Williams v. Va.-Car. Chem. Co.

62 So. 755 | Ala. | 1913

MAYFIELD, J.

The bill is one for an accounting. It may be treated as one filed by a principal against his agent, or by a beneficiary against the trustee. The bill shows the relation between the parties to be that of principal and agent, though the written evidence thereof denominates the defendant as trustee. The contract certainly creates the relation of principal and agent, as well as that of trust and confidence. The instrument creating the relation between the parties, omitting the list of notes and mortgages delivered by the principal *415to the agent for collection, reads as follows: “Montgomery, Ala., Aug. 11, 1911. The Virginia-Carolina Chemical Company, a corporation, hereby constitutes and appoints B. A. Williams, of Wetumpka, Ala., its trustee, for the express purpose of collecting the notes, mortgages and accounts hereinafter listed, and said company does hereby authorize and empower said trustee to cancel and surrender said notes and mortgages upon the payment of the same to him. * * I, B. A. Williams, of Wetumpka, Ala., do hereby acknowledge receipt of the foregoing notes, mortgages and accounts, the same‘having been delivered to me as trustee of the Virginia-Carolina Chemical Company, and I hereby accept the trust hereinbefore created in me, and do bind myself, my heirs, executors and assigns to the strict performance of the same, holding myself ready to pay said Virginia-Carolina Chemical Company the proceeds of said notes, mortgages and account as collections shall be made by me, thereon, or upon demand made upon me therefor.” The bill alleged that the trustee had collected moneys on these notes and mortgages referred to, and had failed to account therefor; and sought an accounting and a decree requiring the payment of the amount ascertained to be due the principal from the agent on that account. The answer practically admitted the material averments of the bill, but also alleged an indebtedness due from respondent to complainant as for fertilizers, and that the notes and mortgages referred to were collateral .to secure this indebtedness; and set up respondent’s discharge in bankruptcy as a defense.

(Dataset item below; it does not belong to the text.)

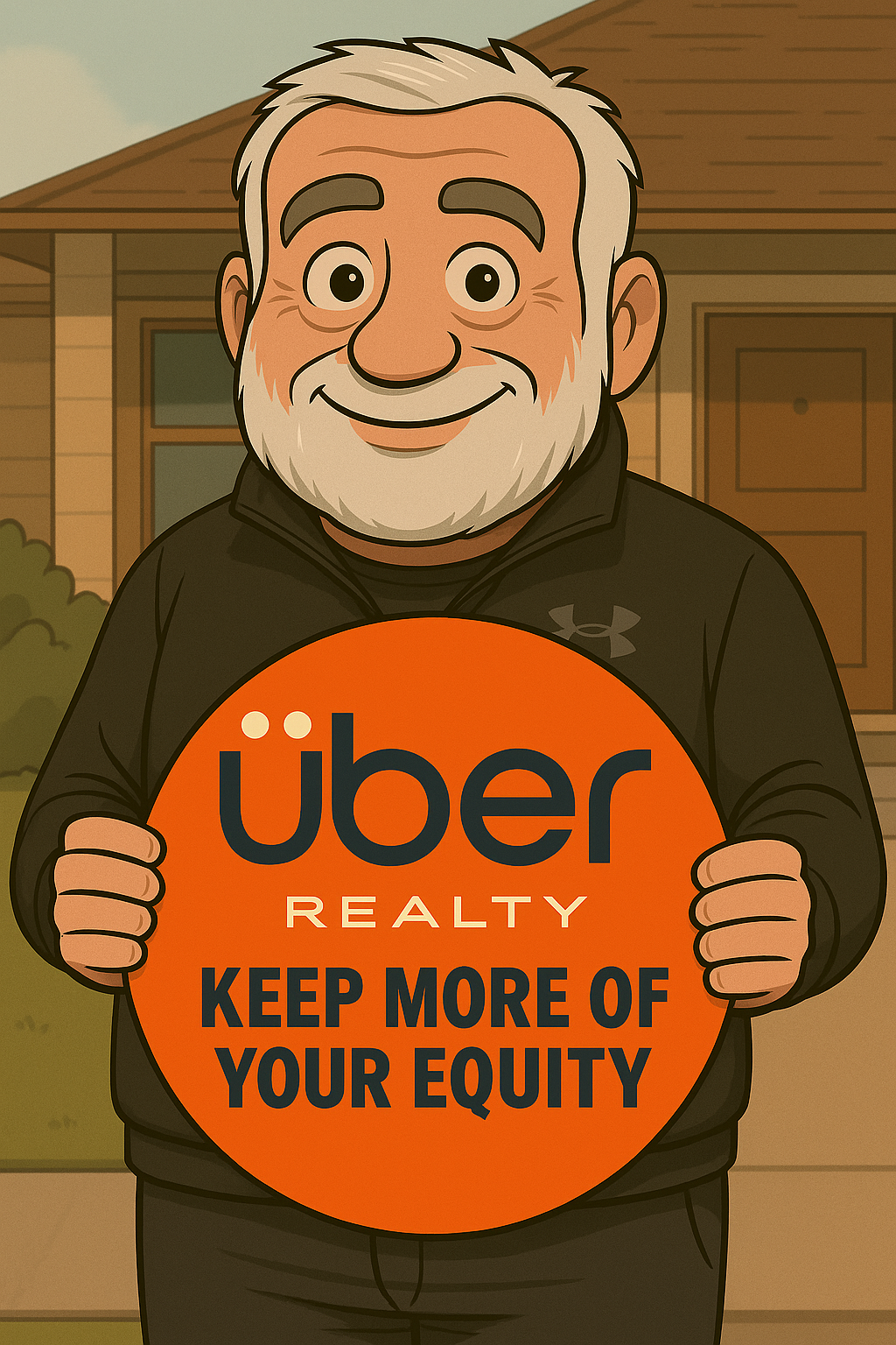 Earl and Marlene, acouple dressed in camouflage, are crouched behind bushes outside their suburban home, observing a frustrated potential buyer leaving. The buyer mutters about the "vintage Airbnb-ready" attic being full of raccoons. A "For Sale by Owner" sign is humorously altered with duct tape, revealing a new sign underneath: “Call Uber Realty—We’re Not That Crazy Anymore.”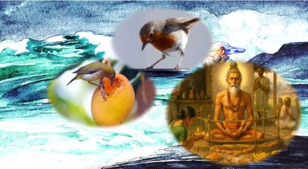 ऋषिश्रेष्ठ ने देखा कि तीनों लोकों में उन्होंने एक ही दृश्य को बार -बार घटित होते हुए देखा है। एक वृक्ष है जिसकी शाखा पर दो पक्षी बैठे हैं। पहला पक्षी फल खा रहा है और दूसरा पक्षी, पहले पक्षी से लिपटा हुआ है। हर काल खण्ड में पहला पक्षी ही फल खा रहा है। जबकि किसी भी काल खण्ड में दूसरा पक्षी कुछ नहीं खा रहा।

The cause was submitted on the bill, the answer, and an agreed statement of facts as follows: “In order to obviate the necessity of introducing evidence in support of matters about which there is no dispute, it is agreed *416by and between the parties to the above suit: First. That ‘Exhibit A’ which is attached to the bill of complaint and ‘Exhibit A’ which is attached to the answer of the defendant are true, full, and correct copies of the instruments of which they purport to be copies. That they may be treated by the court in all respects as if they were originals instead of copies. Second. That with the exception of the statement that defendant was granted a discharge from all debts which existed on the 27th day of May, 1912, all allegations of fact which are contained in the answer of the defendant are true. It being admitted that a discharge was granted to defendant, of which Exhibit B to the answer of defendant is a true copy. But the conclusion that said discharge covered all debts due by defendant on the date is not admitted by complainant. It being the intent of this agreement to submit to the court for adjudication the question as to whether or not the liability of defendant to complainant alleged in the bill and admitted in the answer was covered by said discharge.” The chancellor rendered a decree in favor of complainant, from which the respondent prosecutes this appeal.

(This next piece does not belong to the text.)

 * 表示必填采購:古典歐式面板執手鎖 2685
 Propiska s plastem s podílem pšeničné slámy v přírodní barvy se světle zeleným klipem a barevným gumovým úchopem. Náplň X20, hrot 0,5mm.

It is conceded that the sole question for decision by the chancellor and by us is whether or not the discharge of the defendant in bankruptcy was a defense to the suit.

We are of the opinion that the chancellor reached the correct conclusion in holding that the discharge in bankruptcy was not availing as a defense to this bill. It is contended by appellant that the decision in this case is ruled by that of Crawford v. Burke, 195 U. S. 176, at page 194, 25 Sup. Ct. 9, at page 13 (49 L. Ed. 147), and the cases cited therein and some following it. The decision in the above case is well stated in the last paragraph of the - opinion as follows: “In the case *417under consideration defendants purchased, under the instructions of the plaintiff, certain stocks and opened an account with him, charging him with commission and interest, and crediting him with amounts received as margins. Subsequently, and without the knowledge of the plaintiff, they sold these stocks, and thereby converted them to their own use. Without going into the details of the facts, it is evident that the plaintiff might have sued them in an action on contract charging them With the money advanced and with the value of the stock, or in an action of trover based upon their conversion. For reasons above given, we do not think that his election to sue in tort deprived his debt of its provable character, and that, as there is no evidence that the frauds perpetrated by the defendants were committed by them in an official or fiduciary capacity, plaintiff’s claim against them was discharged by the proceedings in bankruptcy.” That case is, we think, readily certainly distinguishable from this, in fact, it is expressly distinguished from cases like this, in the opinion above quoted. There is no doubt that the claim or demand here sought to be recovered was incurred while the defendant was acting in a fiduciary capacity, and that he is accountable for such as a trustee. In equity, if not in law, the money sought to be recovered in this case is the money of the plaintiff, and not that of the defendant. The defendant, under his agreement, collected it for the plaintiff, and not for himself.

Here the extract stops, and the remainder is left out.